Woman holds happy face sign. Image credit: Sydney Sims/Unsplash

Every year since 2010, the Bell Let’s Talk campaign ramps up through January with national advertising campaigns, celebrity spokespeople, and promotion by workplaces, universities, and governmental officials. The campaign asks for voices that “wear the label” of mental illness to speak publicly in order to promote destigmatization. Bell incentivizes this by tying their donations toward psychological services to the public’s use of the #BellLetsTalk hashtag.

Let’s Talk takes up significant room in public discussion of mental illness in Canada, and it’s revealing to question the campaign’s framing of mental illness, as well as its ties to a capitalist understanding of health.

Bell Let’s Talk simultaneously individualizes the issue of mental illness and corporatizes the solution.

The campaigning of high-performing athletes, politicians, and broadcasters as spokespeople for Let’s Talk reinforces a widespread idea that one can, should, and must modify one’s behaviour to improve “wellness” in order to achieve.

Let’s Talk consistently promotes a wellness model of mental illness. With this comes the language of “self-care” as it is interpreted in mainstream consumerist culture. Gone are the radical roots of the term, attributed to writer and activist Audre Lorde, who argued that “caring for myself … is an act of political warfare.” Rather, we find the term appropriated in the language of wellness. In a 2020 CTV eTalk episode dedicated to Bell Let’s Talk, Justin Trudeau was questioned about how he practices “self-care” in a high-pressure job. Trudeau’s response was that he focuses on “balance” in his life.

As Let’s Talk rolls out across campuses and workplaces, wellness promotion includes techniques to practice “self-care” and to “de-stress,” such as yoga, meditation, and other forms of relaxation and finding balance.

The wellness advocacy of Let’s Talk often centres on relatively minor states of mental distress that might be alleviated by individual behaviour modification. While such techniques and training may be helpful to many, the focus on individual wellness as the totality of mental health activism limits our scope and eclipses experiences that extend beyond issues of individual behaviour.

We can see the wellness model, too, in who is chosen to be Let’s Talk spokespeople, many of whom are successful in their fields. Most of the spokespeople are profiled for how they managed to achieve in normative terms despite mental illness, trauma, or addiction. Let’s Talk promotes stories of “overcoming” through personal willpower and effort.

As this is a capitalist society, success and wellness figure in terms of being productive, labouring, and succeeding in a given career.
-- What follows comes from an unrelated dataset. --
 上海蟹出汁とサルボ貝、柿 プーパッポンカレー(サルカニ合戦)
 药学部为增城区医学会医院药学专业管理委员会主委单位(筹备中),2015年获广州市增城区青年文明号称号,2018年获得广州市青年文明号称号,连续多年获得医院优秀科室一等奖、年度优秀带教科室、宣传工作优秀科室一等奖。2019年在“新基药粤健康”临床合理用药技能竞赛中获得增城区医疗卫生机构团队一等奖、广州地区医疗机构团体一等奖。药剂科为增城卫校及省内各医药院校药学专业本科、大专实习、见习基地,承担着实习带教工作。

Indeed, a fundamental definition of disability in many instances is a condition or perceived condition that disallows one from working.
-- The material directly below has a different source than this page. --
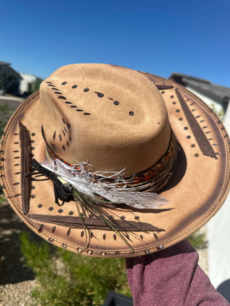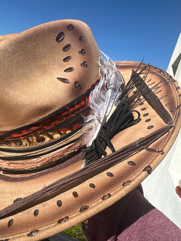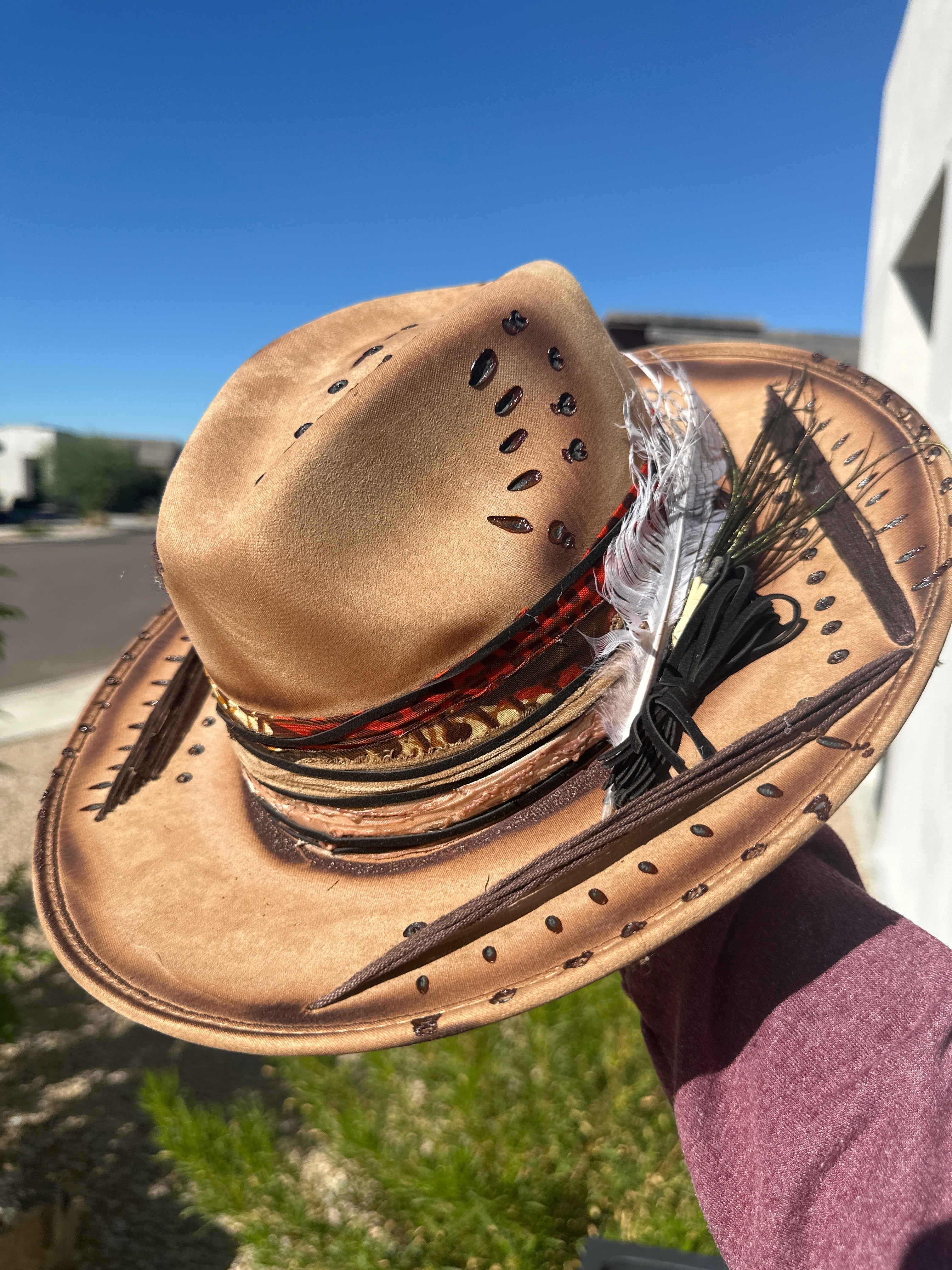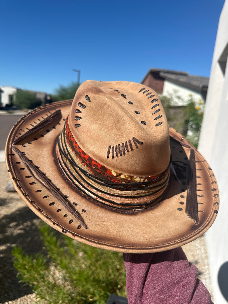 Custom one of a kind fedora. Vegan Suede finish.

With the assumption that mental disability, difference, and distress indicate unwellness or illness, the goal becomes a cure, a return to “normal.” Normal, in this case, represents health and non-disruptive behaviour.

Within the wellness model, those who cannot be cured can only be pitied, or blamed for not trying hard enough. So we divide mental states and ways of being into divisions of wellness and unwellness, sickness and health.

Seeing mental disability, difference, and distress as an issue of wellness always individualizes the situation, and rarely, if ever, takes into account diverse contextual forces and oppressions that put some populations more at risk psychologically than others.

Wellness advocacy also doesn’t make room for those who do not find their states of mental difference inherently distressing, but rather find navigating a world designed for only “mentally healthy” minds and bodies a barrier to access and care.

Wellness asks us to limit our understanding of distress to only our own body and mind, and to cure our mental differences because they are seen as inherently negative and unhealthy, rather than advocating for access and safety for non-normative bodies and minds.

Those of us seen as chronic cases, with upsetting or socially unacceptable symptoms, with less photogenic and inspirational stories, feel excluded from the supposedly inclusive messaging. Wellness campaigns also generally exclude those who are housing insecure due to stigmatization of their condition and their inability to work. They exclude those who are kept involuntarily in hospital wards or prisons, or those individuals medicated through legally enforceable community treatment orders.

Although attention to distress and harm that arises from mental states is undoubtedly important, and destigmatization is fundamental to changing the lives of those deemed “mentally ill” for the better, the framework of wellness, illness, and cure promoted by Bell Let’s Talk remains limiting.

Structures of support that see success as harm reduction and increased access, rather than supposedly normal functioning, are vital. Peer-support networks are invaluable in advocating for changing the way mental disability, difference, and distress is made vulnerable through policing and medicalization.

After a year of increased attention to deaths as a result of police “wellness checks,” especially for BIPOC individuals, we must push past the wellness model and think more deeply about mental disabilities — and how we can change access and care.

Andrew McEwan is a PhD candidate at Brock University who writes on disability, madness, and literature. His recent work can be found in the anthology Literatures of Madness, and the poetry collection If Pressed.